The following illustrates the simulation process of an embodiment of the invention:
generally, the main body structure of the redundant robot mainly shows four forms of SRS, RSS, UUS-A and UUS-B. The SRS structure can be more similar to the structural characteristics of human arms, so that a redundant robot with the modularized shoulder-wrist joint offset SRS structure is selected as a research object, as shown in FIG. 3; the robot adopts a modular reconfigurable design, the number of degrees of freedom can be adjusted by increasing or reducing connecting rods, and the improved DH parameters are shown in a table 1.
TABLE 1 improved DH parameters of SRS Structure redundant Robots
Figure BDA0002262727130000091
It should be noted here that obtaining the jacobian matrix and the pseudo-inverse matrix of the redundant robot is the prior art, and the process is not described again; the effectiveness of the SRS structure redundancy robot trajectory planning method based on the IGSO algorithm is verified by a simulation example.
Simulation example 1
In this example, the objective function is selected to be F4Target position is xref=[-0.5,0.5,1]TAnd solving the solution of the CLP method by an optimization algorithm without considering attitude influence.
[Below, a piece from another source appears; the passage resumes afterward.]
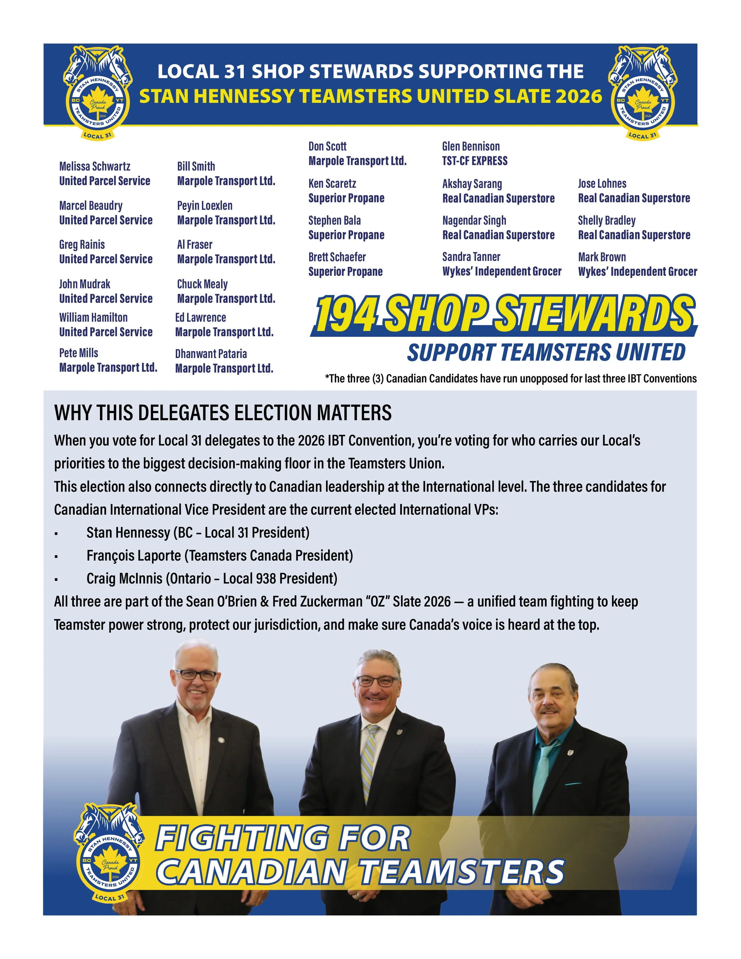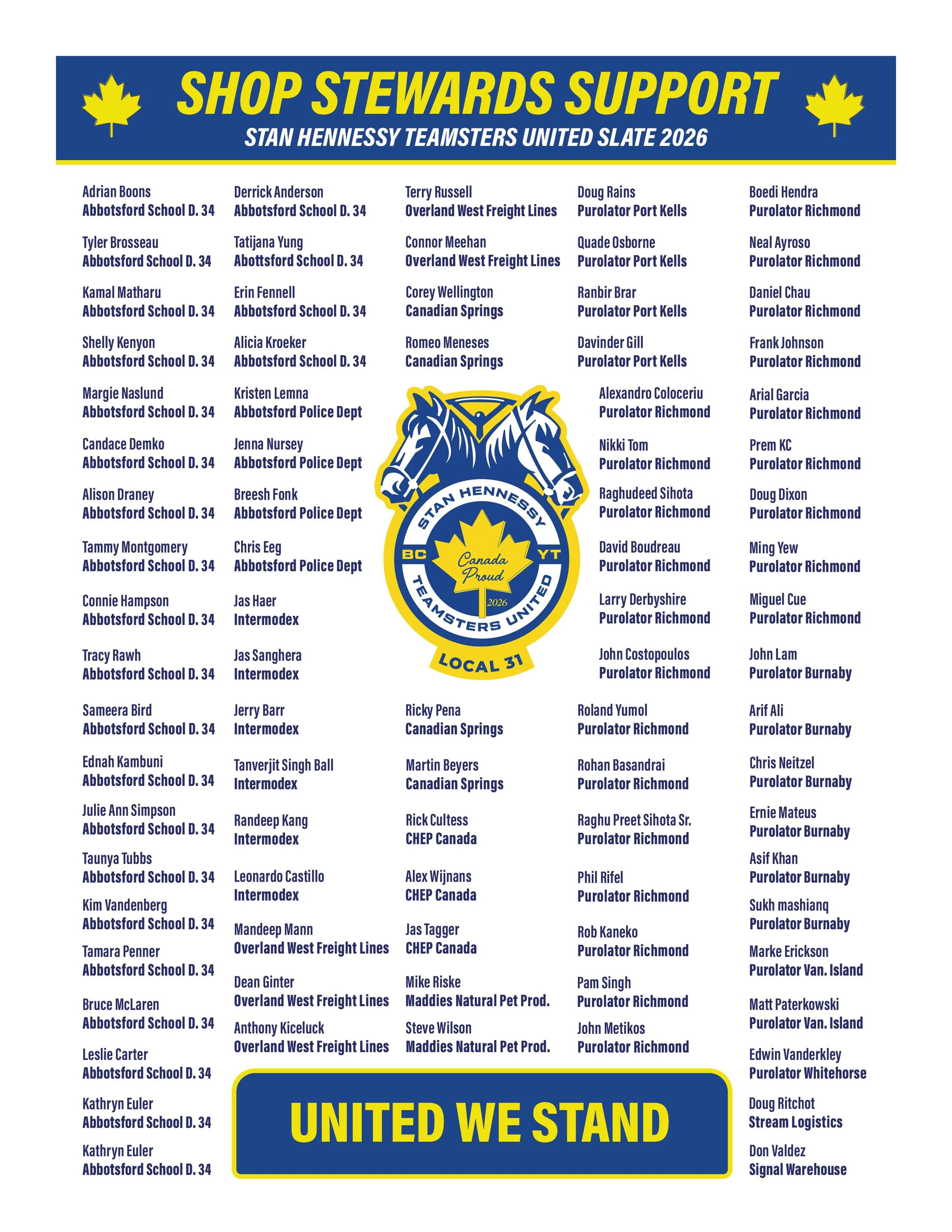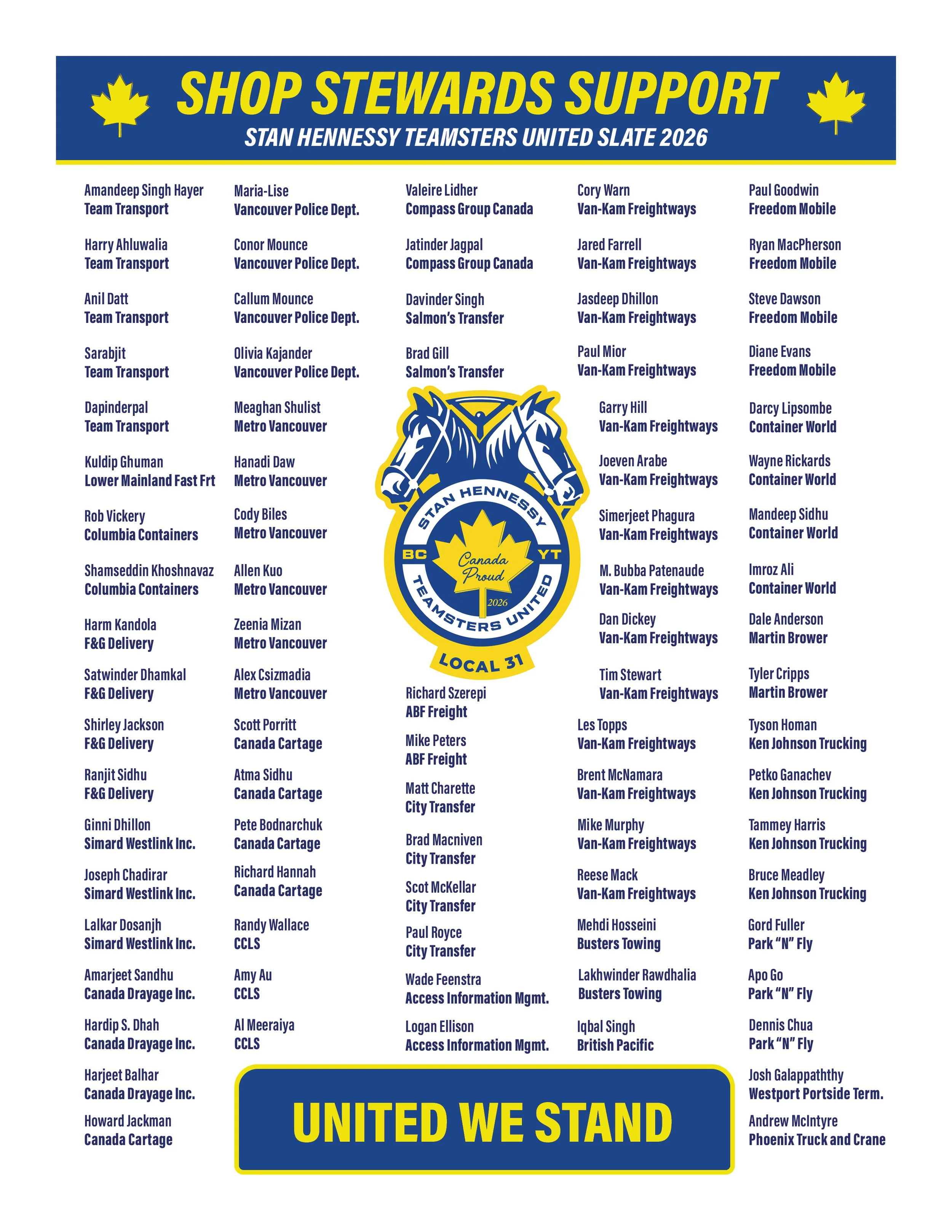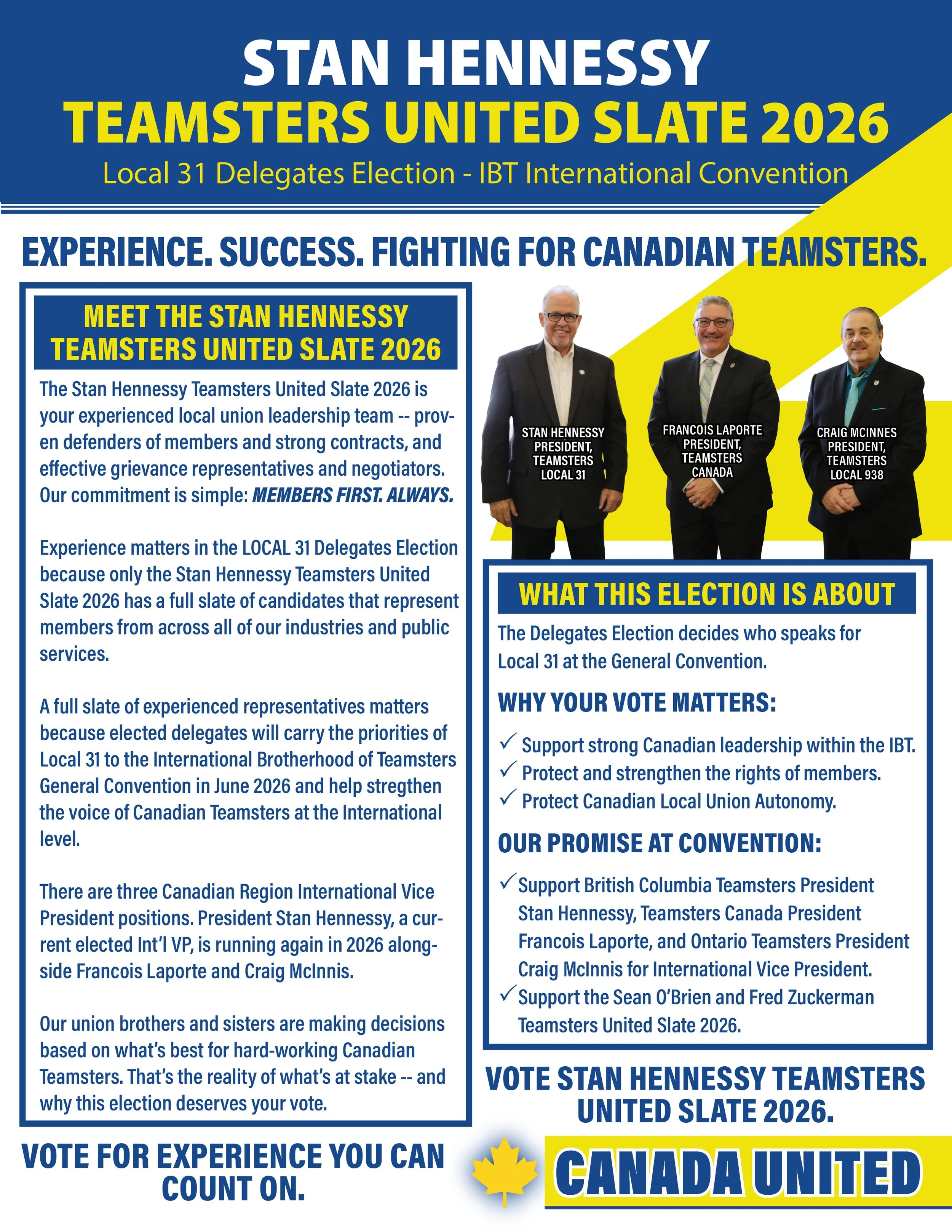 STAN HENNESSY TEAMSTERS UNITED SLATE 2026

The simulation environment is Win 10Intel (R) core (TM) i7-4720HQ CPU @2.60GHz, and the parameter settings of the three algorithms are shown in Table 2 by adopting a conventional GSO algorithm and an IABC algorithm to compare and analyze with an IGSO algorithm under Matlab 2018b software.
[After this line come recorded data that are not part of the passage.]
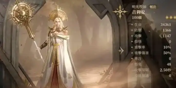 她的被动能在队内其他人受到致命攻击时,为对方添加一个不死buff、以持续回复buff,时长为5秒,如果该队友是远程系的话,还为帮助其施加隐形,让他无法成为单体技能的目标,她的战技会对范围内的队友进行治疗,并让其在5秒内能持续性的恢复,她的威能技会对全体队友施加一个10秒阵亡复活buff,然后复活已死亡的队友,被该招式复活的队友会恢复75%最大生命值和75%威能,此后还会对全体队友附加一个免疫减益,有10秒,对远程队友施加10秒隐形。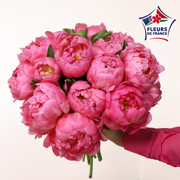 Bouquet de 20 pivoines françaises, camaïeu de roses (la couleur des pivoines peut varier en fonction des arrivages).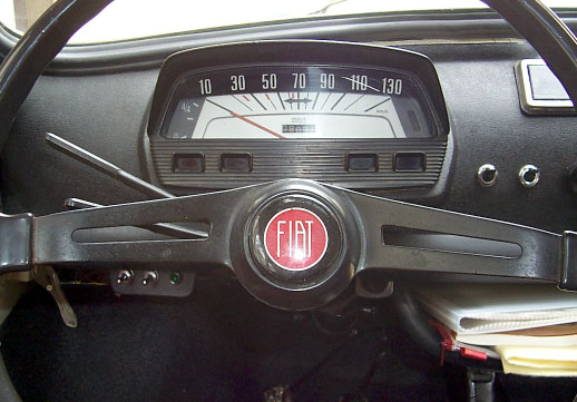 ・撮影日 :1999年04月04日(日曜日) ・撮影場所 :自宅カーポート ・使用カメラ:Kodak DC260 ・コメント : FIAT 500L ダッシュパネル#2 角型スピードメータ周辺のアップ。スピードメーターの左横には燃料 計が配置されているが、これは L タイプから標準装備されたもの。 それまでは燃料の約 3/4 を使うと点灯するランプがついていただけ で、残量メーターは付いていなかった。スピードメーターの「70」の 文字の下にある左右矢印は、ウインカ ーに連動して点滅するランプ で、通常は消灯しており、ウインカーを出すと点滅する。左右の矢印 の形となっているが、右を出しても左を出しても全体が点滅するとい う面白い仕様である。(単なる手抜き?)ちなみに、筆者の車では、 リレーの不調でこのランプが常時点灯しており、ウインカーを出すと 点滅するようになっていた。これは近々に修理する予定。 メーターの中央には5桁の積算距離計が付いている。トリップメータ ーは無い。スピードメーターの右横には油圧警告ランプが配置されて いる。メーター下部に4つ並んだランプは、左から「ジェネレーター 警告灯」「燃料警告灯」「アッパービーム」「ヘッドライト」となっ ている。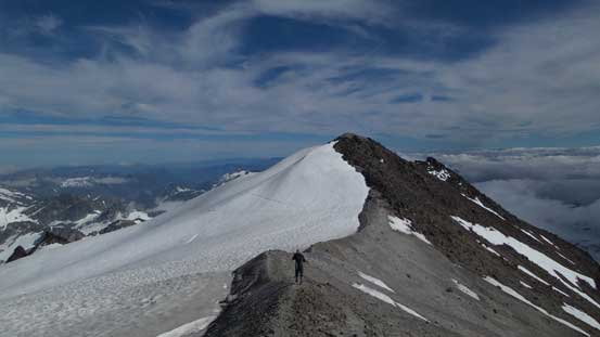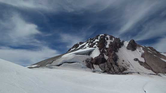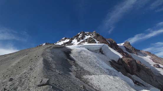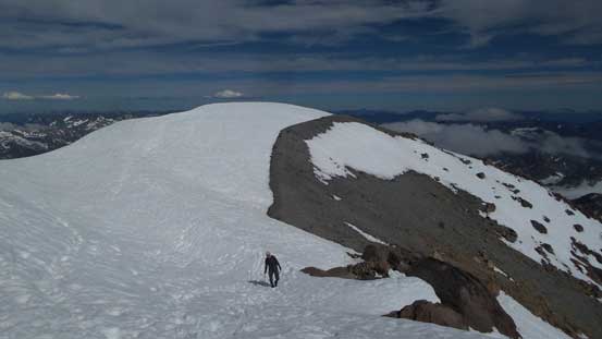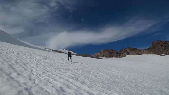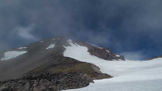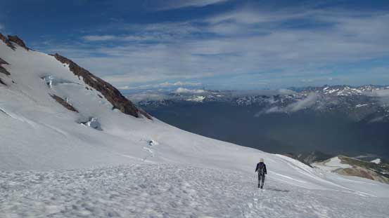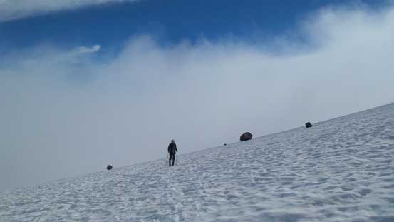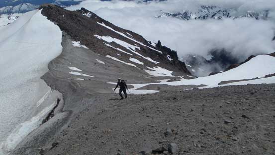 Up we went and again, we had to traverse sideways across a couple more snowy bowls with each one requiring some degree of elevation gain. There’s one major rise done on some moraine type of ground but otherwise it’s an easy plod to Glacier Gap. Quite a few parties pitched their tents at the gap and judging by the emptiness we figured they must have been still on the mountain. There’s a layer of clouds rolling in but at this point we couldn’t do much other than keep plodding. We picked the set of boot tracks up and over the roll ahead with at least 50 m of gain and loss and then we finally started up the main peak proper. It’s also interesting that some sections along the broad south ridge was done on dry, loose volcanic ash type of ground. This was good as after a long day plodding on snow I greatly appreciated some degree of variation. At one point we ditched some food/water and then bailed to the climber’s right side onto snow followed by a long diagonal march across Gerdine Glacier aiming at the col east of Disappointment Peak.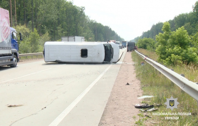 Под Житомиром автобус лег на бок и перегородил трассу Киев-Чоп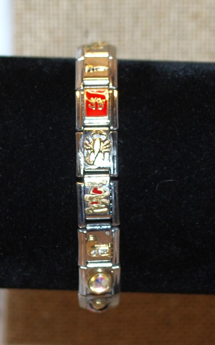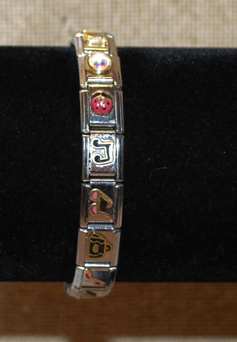 Metal Slightly Expandable Bracelet with Lady Bug, Hearts, Books, Camera, Eiffel Tower, Etc. 3" Diameter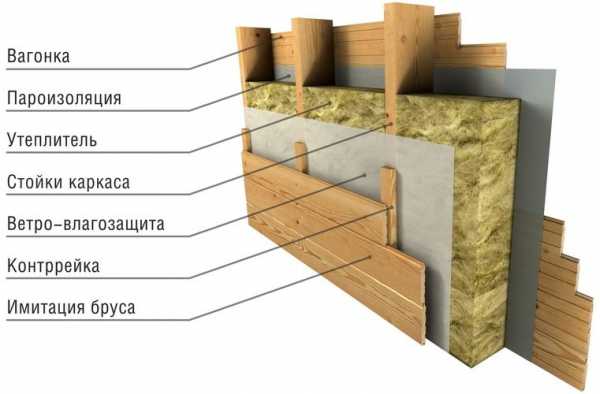 В самом начале выстраивается основная конструкция из бруса, которая постепенно наполняется теплоизоляционными материалами и обшивается защитными элементами.
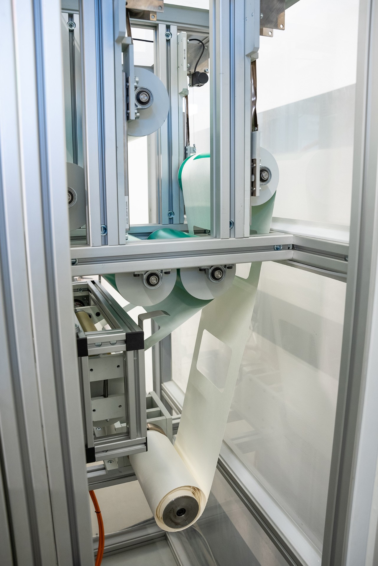 密封模块后的卷纸架。可以清楚地看到四边袋的切口。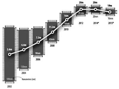 為了衡量芯片的技術進步,行業(yè)內(nèi)用了“制程”這個概念,隨著芯片上晶體管的尺寸減小,制程也就越小,芯片上能容納的晶體管數(shù)量就越多,也就是說制程越小,芯片的性能就越好。

TABLE 2 parameter settings for the three algorithms
Figure BDA0002262727130000092
Figure BDA0002262727130000101
Each algorithm runs 10 times, each iteration is performed for 50 generations, then the optimal result is selected and recorded, as shown in fig. 4 and 5, it can be seen that the three algorithms can enable the robot end effector to approach the reference position well, wherein the target function value obtained by the IGSO algorithm is 0.00521 which is 83.50% and 42.07% higher than that obtained by the GSO algorithm and the IABC algorithm respectively; meanwhile, as can be seen from fig. 5, the IGSO algorithm can obtain an ideal objective function value through a small number of iterations, the convergence rate is fast, the simulation time of the GSO algorithm is 1.63s, the simulation time of the IABC algorithm is 0.98s, and the simulation time of the IGSO algorithm is 0.70 s. Compared with other two algorithms, the optimization rate of the algorithm provided by the invention is respectively improved by 57.06% and 28.57%, which shows that the algorithm provided by the invention has high convergence rate and strong information mining capability.
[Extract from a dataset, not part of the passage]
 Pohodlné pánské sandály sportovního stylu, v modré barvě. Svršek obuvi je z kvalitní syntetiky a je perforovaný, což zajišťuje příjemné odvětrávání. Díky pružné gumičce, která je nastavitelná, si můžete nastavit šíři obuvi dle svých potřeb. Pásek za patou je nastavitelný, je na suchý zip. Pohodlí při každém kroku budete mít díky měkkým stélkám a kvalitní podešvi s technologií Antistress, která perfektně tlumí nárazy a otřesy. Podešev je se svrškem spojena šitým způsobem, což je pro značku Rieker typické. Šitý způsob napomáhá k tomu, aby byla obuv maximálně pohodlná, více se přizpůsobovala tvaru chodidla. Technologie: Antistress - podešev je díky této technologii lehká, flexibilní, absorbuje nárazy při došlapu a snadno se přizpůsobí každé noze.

Further, fig. 6 shows that the optimization effects of the four objective functions are compared on the three algorithms respectively, and the simulation conditions are the same as the above, and it can be seen from fig. 6 that the IGSO algorithm can help the GLP method to obtain the best optimization result no matter what objective function is adopted, which indicates that the algorithm provided by the present invention has better robustness.
Simulation example 2
Book calculatorIn the example, the starting point of the redundant robot end effector is [0, -1,0 ]]TThe target point is [ -1,0,1 [)]T. And (3) planning the track of the robot by combining an IGSO algorithm and a CLP method, so that the end effector walks on a straight line, the middle part has 20 path points, and the simulation time is 2 s. In order to ensure that the change of the joint angle of the robot in the motion process is continuous, an objective function is selected as F1The result of the trajectory planning is shown in fig. 7, and it can be seen from fig. 7 that the redundant robot can achieve smooth point-to-point motion.
Simulation example 3
In this example, the starting point of the redundant robot end effector is [0.8,0.6,0.4 ]]TThe target point is [1,0,0.4 ]]TUsing an objective function F3Planning the arc track of the target; the method provided by the invention is subjected to visual simulation in a Robotics Toolbox, the simulation time is 2s, and the result is shown in FIG. 8. As can be seen from FIG. 8, with the help of the method provided by the invention, a redundant robot with an SRS structure can walk a relatively smooth and continuous track, meanwhile, errors of the planned circular arc track on X, Y and the Z axis are given in Table 3, and the error indexes are all within the allowable error range of the actual operation of the robot.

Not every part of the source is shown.